EA Responds to Criticism of Titanfall 2 Releasing So Closely to Battlefield 1
Both games "fulfill very different motivations in what a player is looking for," EA CEO Andrew Wilson says.
Titanfall 2 released this past Friday, October 28, and received much praise from critics. Despite the glowing reviews, analysts believe the shooter's sales will be "substantially disappointing" because of it releasing a week after Battlefield 1 and a week before Call of Duty: Infinite Warfare.
In today's earnings call, EA CEO Andrew Wilson was asked if he'd do things differently in the future and refrain from releasing future shooters so closely to each other. Wilson said that while Battlefield 1 and Titanfall 2 "have some overlap," they "fulfill very different motivations in what a player is looking for."
"We think there's really three types of players," Wilson said. "People that really love Battlefield and that kind of big strategic gameplay that will orient in that direction; the player that loves the fast, fluid, kinetic gameplay of Titanfall 2 that really orient in that direction; and the player that just has to play the two greatest shooters this year and will buy both.
"And again, we're very very excited about the quality in both titles," he continued. "We believe they both will have a long sale cycle, both this quarter through the festive season and deep into the years to come.
"And so as we think about the long game on this, we couldn't be in a better position for what we think is delivering great games to a very, very big player base."
Wilson also noted that Titanfall 2's plan to provide free DLC maps and modes "is receiving really positive feedback." EA CFO Blake Jorgensen said that the publisher plans to work with developer Respawn Entertainment on building the Titanfall franchise "for many, many years to come," noting there's "huge opportunity" to continue expanding it.
"Part of the strategy of building a franchise is you have a long view," Jorgensen explained. "You think about the business differently than you might an existing franchise like a FIFA or a Madden.

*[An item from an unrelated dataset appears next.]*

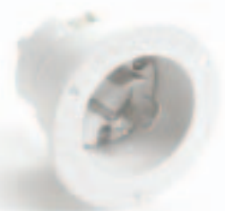
SAFEWAY® FLANGED INLET

What that means is we're looking for ways to not fragment the player base early, but to include [as many players] as we can to continue to build that franchise. We think that's the right strategy for a product like Titanfall."
Titanfall 2 received a score of 9/10 in GameSpot's review. Critic Mike Mahardy concluded, "In many ways, Titanfall 2 feels like the game Respawn should have made in 2013. It's a fantastic sequel. It's a fluid shooter. It's a spectacular game."